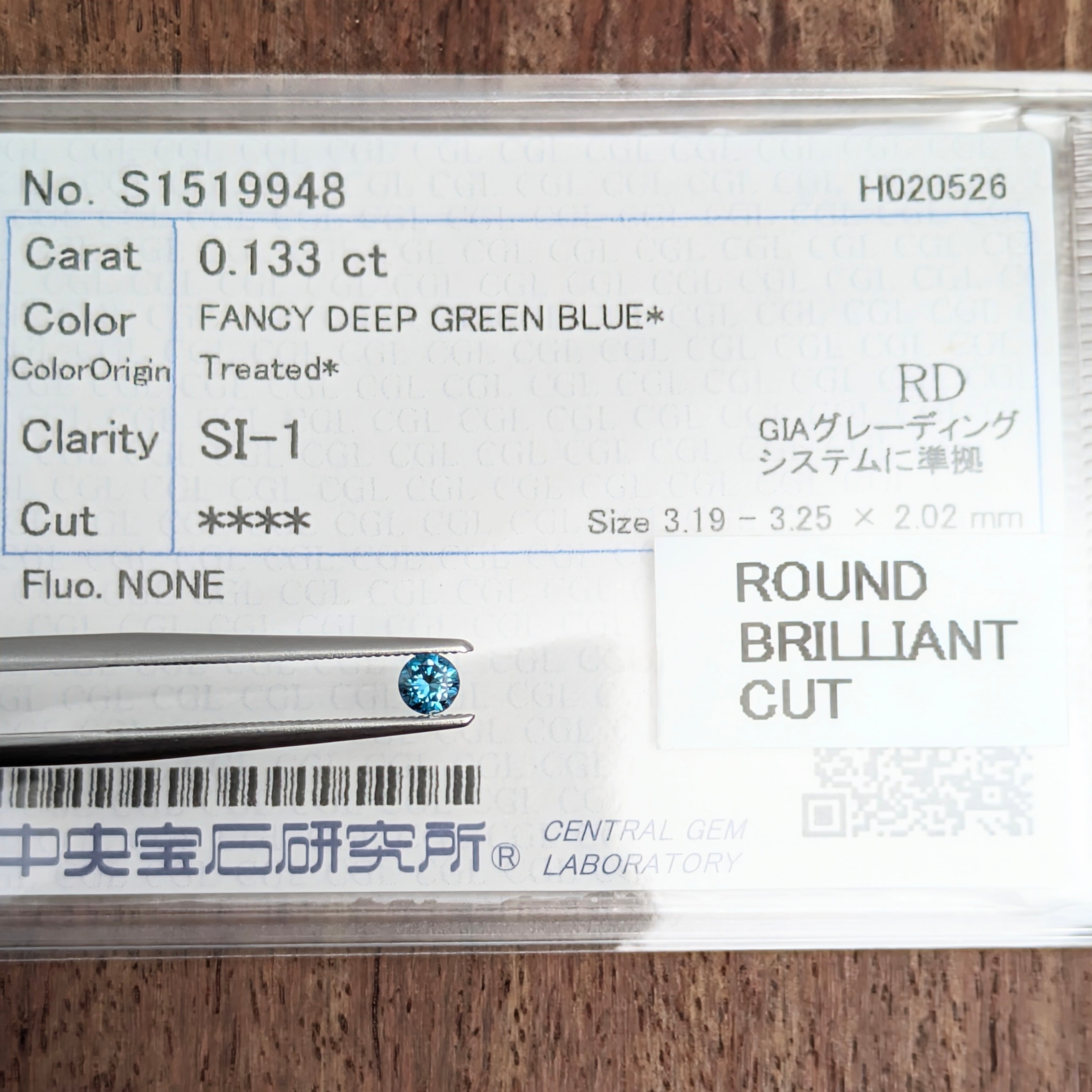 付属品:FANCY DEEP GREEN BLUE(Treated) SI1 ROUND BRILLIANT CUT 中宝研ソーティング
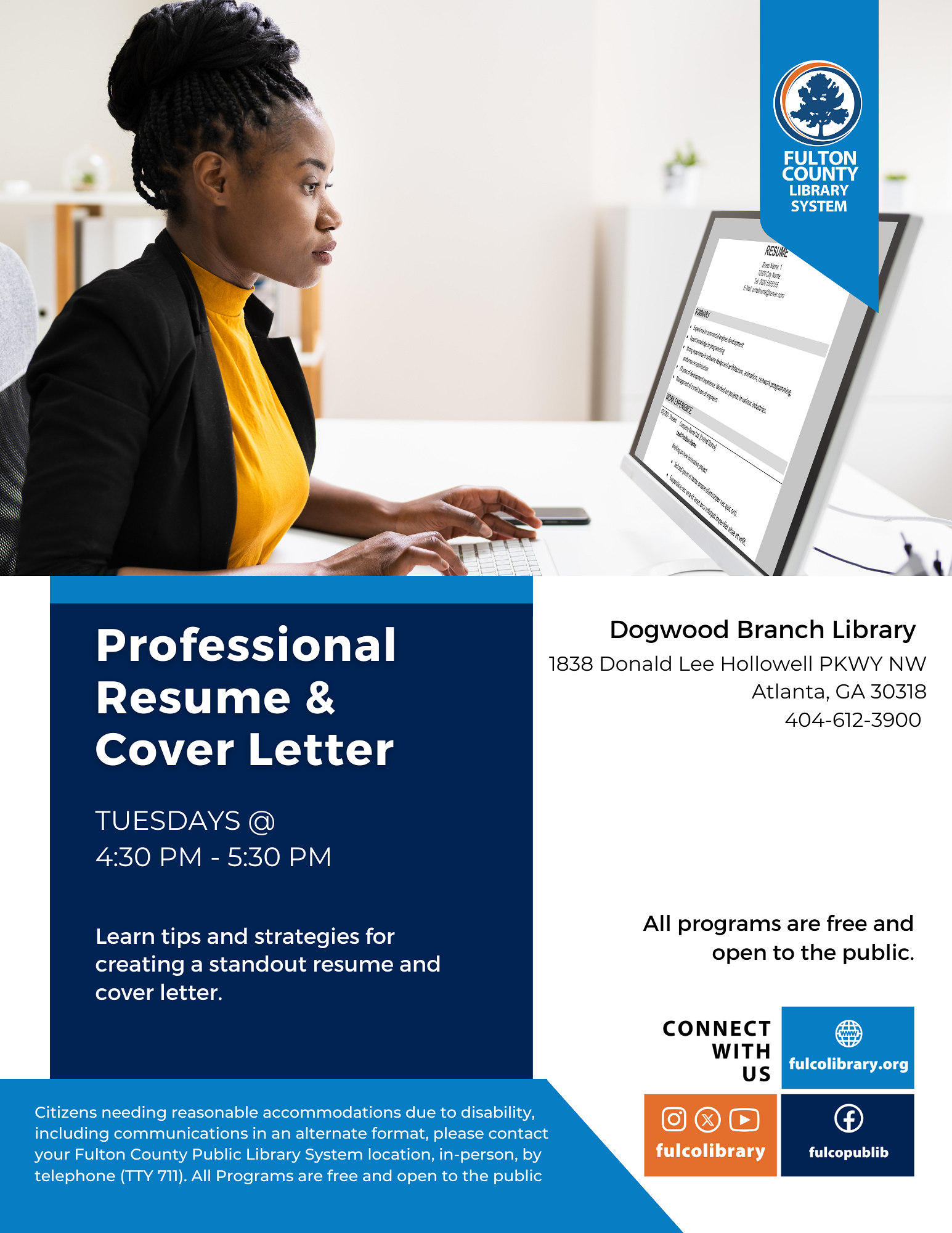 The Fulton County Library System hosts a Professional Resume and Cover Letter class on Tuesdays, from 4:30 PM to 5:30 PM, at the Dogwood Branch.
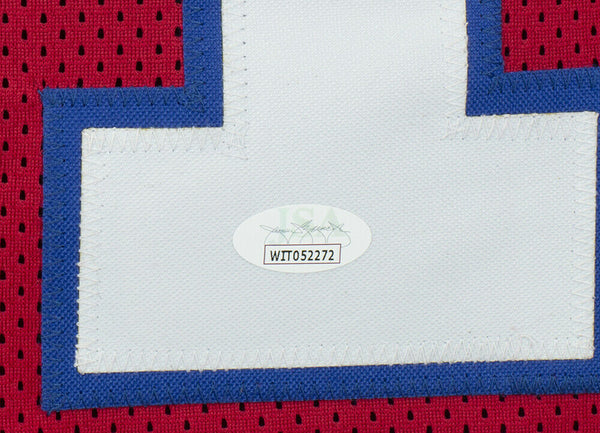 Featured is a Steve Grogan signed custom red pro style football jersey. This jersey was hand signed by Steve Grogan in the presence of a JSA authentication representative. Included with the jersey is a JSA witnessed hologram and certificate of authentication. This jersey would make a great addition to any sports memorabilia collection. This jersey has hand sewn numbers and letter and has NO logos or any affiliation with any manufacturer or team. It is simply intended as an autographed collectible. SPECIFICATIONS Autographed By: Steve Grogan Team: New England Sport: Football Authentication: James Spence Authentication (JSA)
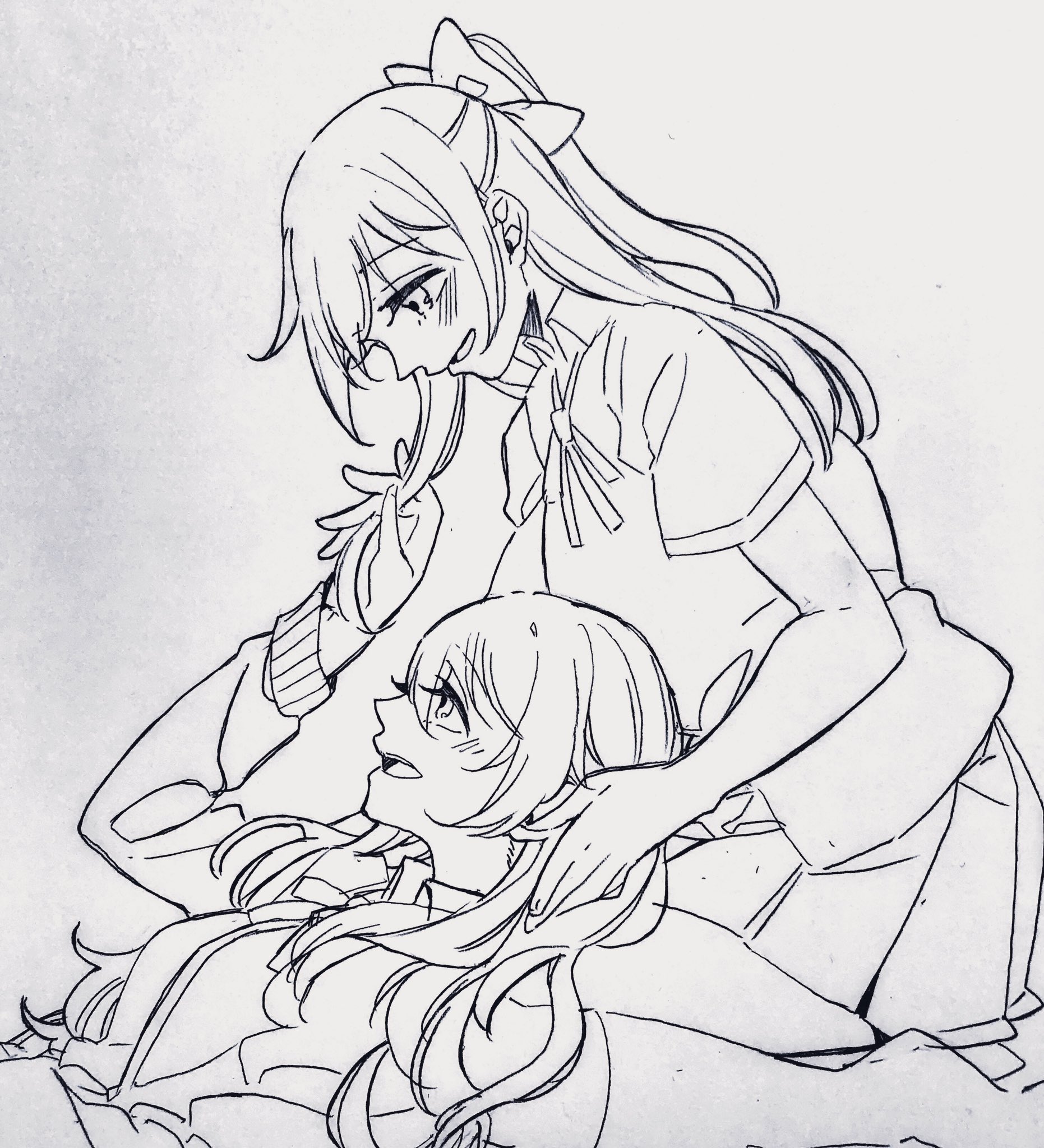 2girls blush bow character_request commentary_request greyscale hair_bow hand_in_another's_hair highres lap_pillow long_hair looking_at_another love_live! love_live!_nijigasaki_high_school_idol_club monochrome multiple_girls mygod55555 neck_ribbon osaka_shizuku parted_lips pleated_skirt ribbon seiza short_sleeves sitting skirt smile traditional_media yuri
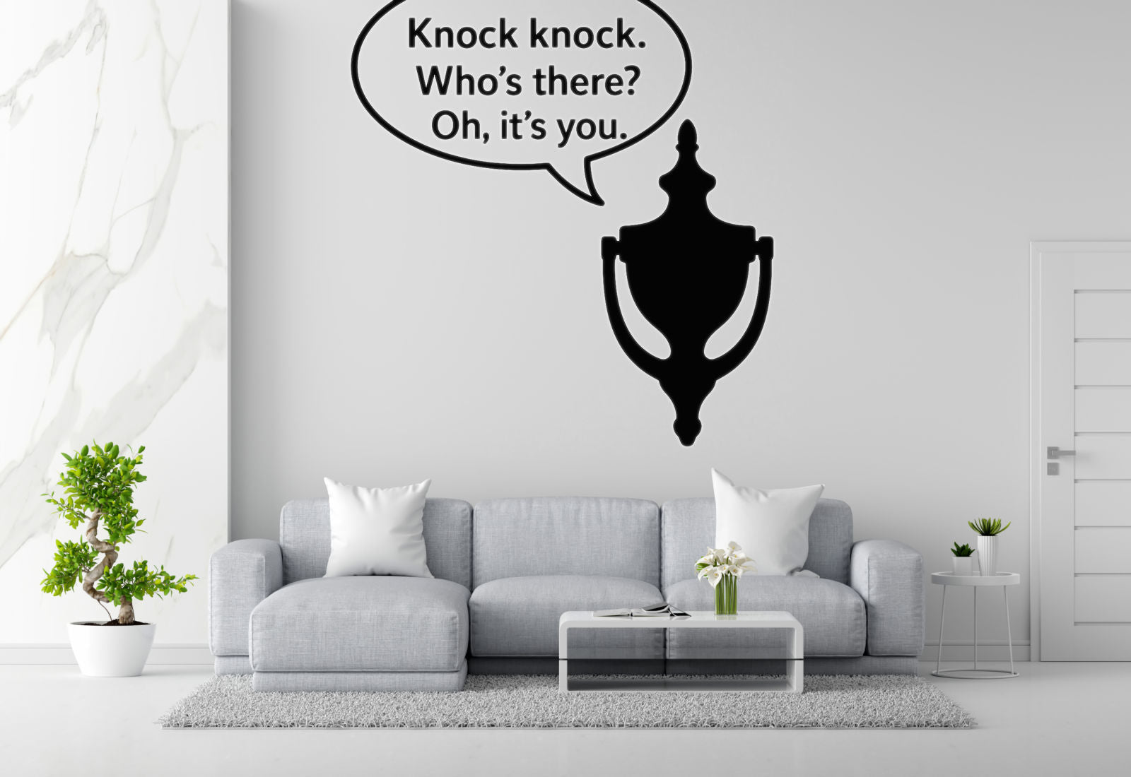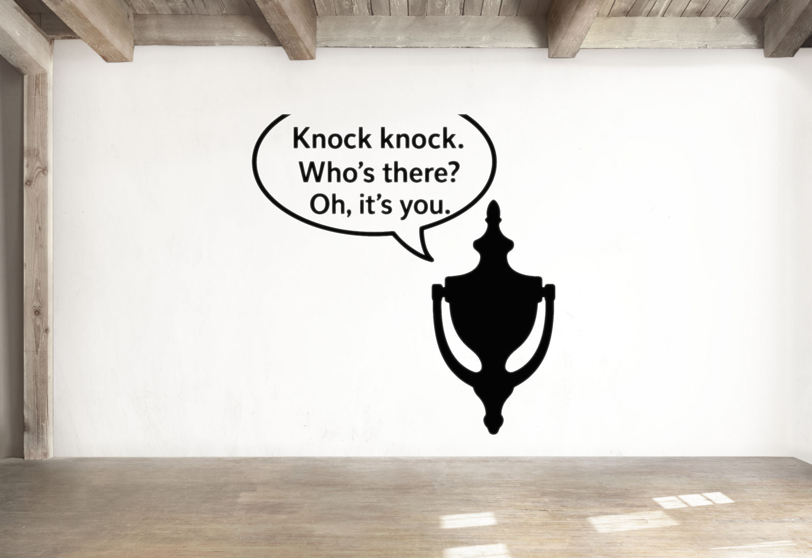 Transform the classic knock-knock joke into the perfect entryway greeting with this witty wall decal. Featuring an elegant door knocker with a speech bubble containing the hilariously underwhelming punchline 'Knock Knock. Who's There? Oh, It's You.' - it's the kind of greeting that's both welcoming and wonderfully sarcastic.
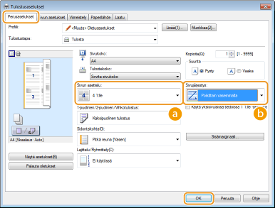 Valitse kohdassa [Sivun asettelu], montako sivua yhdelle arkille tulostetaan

*WORK ORDER*
Only the lines from the line that contains "2girls blush bow" through the end of the entries are to be written out, exactly and without pictures, both ends included.

*OUTPUT*
 2girls blush bow character_request commentary_request greyscale hair_bow hand_in_another's_hair highres lap_pillow long_hair looking_at_another love_live! love_live!_nijigasaki_high_school_idol_club monochrome multiple_girls mygod55555 neck_ribbon osaka_shizuku parted_lips pleated_skirt ribbon seiza short_sleeves sitting skirt smile traditional_media yuri
 Transform the classic knock-knock joke into the perfect entryway greeting with this witty wall decal. Featuring an elegant door knocker with a speech bubble containing the hilariously underwhelming punchline 'Knock Knock. Who's There? Oh, It's You.' - it's the kind of greeting that's both welcoming and wonderfully sarcastic.
 Valitse kohdassa [Sivun asettelu], montako sivua yhdelle arkille tulostetaan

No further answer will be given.